Chickenpox Vaccine Safety
The chickenpox vaccine is considered to be very safe in those with a normal, healthy immune system. During the years of 1998 to 2013, there has only been one single reported death caused by the chickenpox vaccine. The incident occurred in a young child with a pre-existing case of Leukemia.
Although very rare, some potentially serious side effects may occur such as meningitis, pneumonia, and anaphylaxis (allergic reaction). Minor side effects that may occur as a result of the chickenpox vaccine include rash, fever, as well as redness, soreness, and stiffness at the injection site. There is also a small chance that individuals receiving the chickenpox vaccine develop herpes zoster (shingles), but the chance of this occurring from the chickenpox vaccine is smaller than the chance of developing shingles from the actual chickenpox virus. There have been several reports of children contracting chickenpox from receiving the chickenpox vaccine, but all cases were said to have weakened immune function.
Chickenpox Vaccine Statistics
According to the CDC, there were approximately 4,000,000 people that contracted chickenpox each year. Of the 4 million that were infected, there were about 13,000 hospitalizations and 150 deaths caused by the virus. After the chickenpox vaccine was introduced in the United States, chickenpox occurrence quickly began to decline. In 2014, 91 percent of all children were given a dose of the Varicella vaccine.
Based on the CDC’s data report given in 2012, chickenpox cases in the United States declined by 79%. Outpatient visits declined by 84% in 2012 and hospitalizations decreased by 93%. Deaths related to chickenpox decreased by 87% between the years 2008 and 2011. It is estimated that the chickenpox vaccine prevents nearly 3.5 million people from getting infected with the chickenpox virus, and also prevents 9,000 hospitalizations and 100 deaths per year.
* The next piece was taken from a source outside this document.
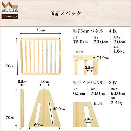 - セット内容:扉パネル×1、拡張パネル75cm×4、エンドパネル×2、スタンドフレーム×2、ジョイント(上)×6、ジョイント(下)×6、補助スタンド×4、補助スタンドカバー×4

Chickenpox Vaccine Summary
The data reporting statistics of the chickenpox vaccine are a clear indication that the vaccine is extremely efficient. The chickenpox virus was once a dreaded experience for both children and adults, but its existence is now rapidly fading away. Just like most products in the drug markets, as years pass and if no negative long-term side effects arise, as well as the discovery of new methods to produce the product at a cheaper cost, the chickenpox vaccine will likely become more available and practical for other countries to start using. As this happens, the world may become free of strong strains of the chickenpox virus.
There are many myths and propaganda about vaccines throughout the internet which has caused much concern for many contemplating receiving a chickenpox shot. While potentially harmful effects do exist, physicians are well aware of the statistics on vaccine adverse reactions. They are also aware of the percentage of vaccines that caused dangerous long-term effects (not many). With this knowledge of possible risks associated with vaccines, they are also aware of benefit statistics for the vaccines. So, I would strongly recommend trusting your physician and receiving the chickenpox vaccine if they recommend that you or your child should receive the chickenpox vaccine.